In general, to be decidable relative to X is to be both semidecidable and co-semidecidable relative to X, and to be semidecidable relative to X is to be part of Σ(X) (accordingly, co-semidecidable relative to X is Π(X)); the halting problem relative to X is always in Σ(X) but not Π(X), and is always complete for Σ(X) [in the sense of many-one reduction].

Indistinguishable
07-07-2010, 01:21 PM
Er, those 'C's shouldn't be there. Corrected version of the above post:

Right; the problems computably decidable relative to an oracle for the ordinary halting problem are precisely those which are both Σ2 and Π2 (i.e., Δ2).

On the other hand, the problems computably decidable relative to Π2 (equivalently, with an oracle for a Π2-complete problem) are those which are both Π3 and Σ3 (i.e., Δ3). Indeed, the prototypical Π2-complete problem is (the complement of) the 2nd-level halting problem itself.
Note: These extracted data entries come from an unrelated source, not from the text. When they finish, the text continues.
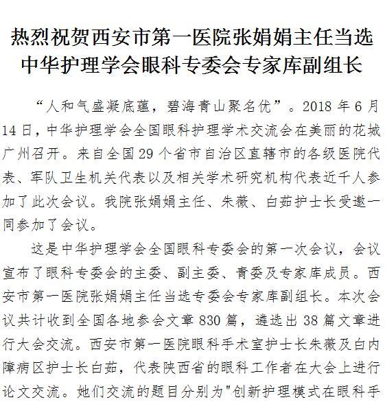 热烈祝贺啄木鸟 张娟娟主任当选中华护理学会眼科专委会专家库副组长
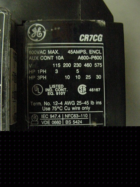 GE CR7CG Contactor 3Pole 72Amp 37/45Amp 600VAC 190-208V
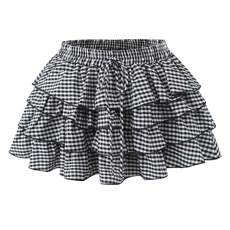 The Vitamin Sea Skirt features a playful. gingham print with ruffled layers. This skirt is perfect for adding a fresh and fun vibe to your wardrobe. offering a relaxed and comfortable fit.
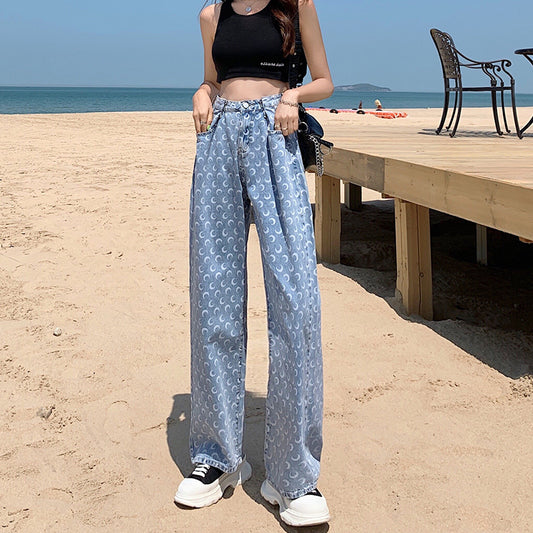 Printed Loose And Slim Straight-leg Pants
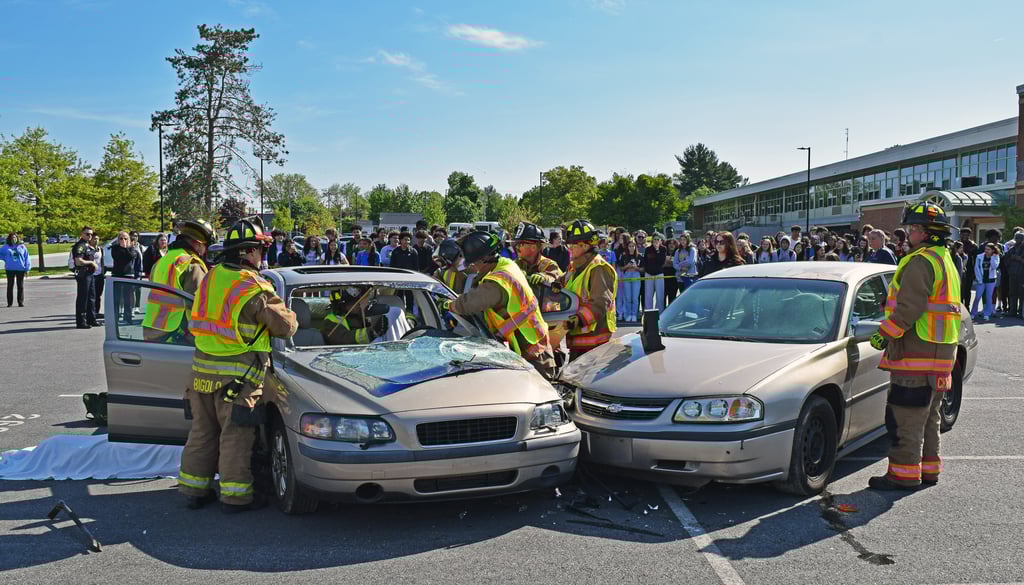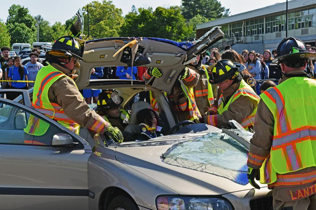 “This event is designed to allow students to have a front row visual representation of an emergency motor vehicle crash in a controlled setting,” said Dracut Fire Lt. Brian McCarthy, who organized the crash. “The event is not meant to scare the students. Instead it’s meant to bring awareness and dialogue to a topic that is often hard to drive home.”
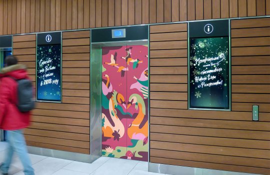 Пример брендирования дверей кабины лифта самоклеящейся пленкой представлен на фото:
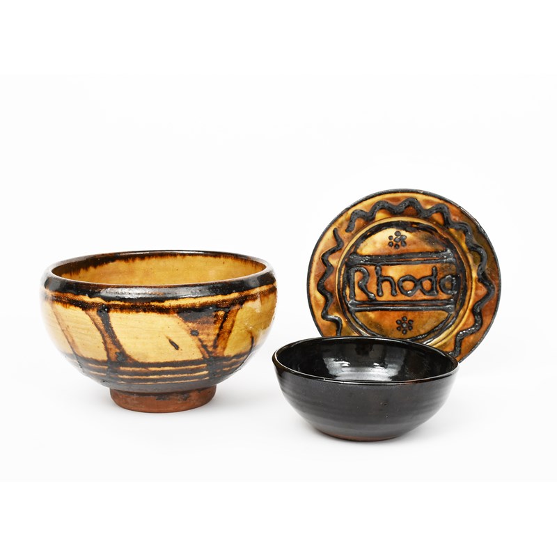 a Winchcombe Pottery footed bowl, slip decorated in brown and buff, a Winchcombe plate titled Rhoda and a small Sidney Tustin bowl,
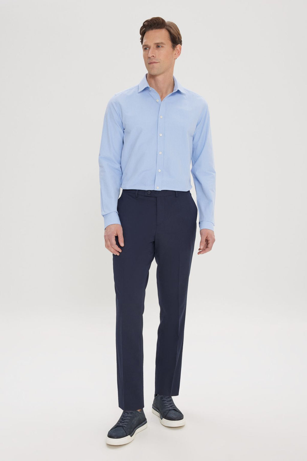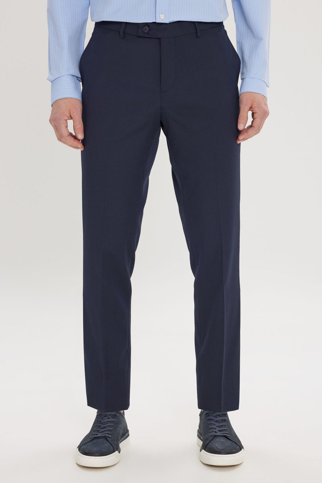 Men's Navy Blue Regular Fit Normal Cutting Side Pocket Flexible Classic Pants

In general, to be decidable relative to X is to be both semidecidable and co-semidecidable relative to X, and to be semidecidable relative to X is to be part of Σ(X) (accordingly, co-semidecidable relative to X is Π(X)); the halting problem relative to X is always in Σ(X) but not Π(X), and is always complete for Σ(X) [in the sense of many-one reduction].

SCSimmons
07-07-2010, 05:46 PM
Stop that, Indistinguishable; you're making me want to go back to grad school. I remember that I had good reasons for quitting, but I get excited reading posts like yours and can't remember what they were.

Enola Straight
11-30-2010, 01:34 AM
edit: never mind, zombie thread

Exapno Mapcase
11-30-2010, 11:50 AM
edit: never mind, zombie thread

That's because the Twin Prime Conjecture states that time passes differently when one twin is in a spaceship moving near the speed of light.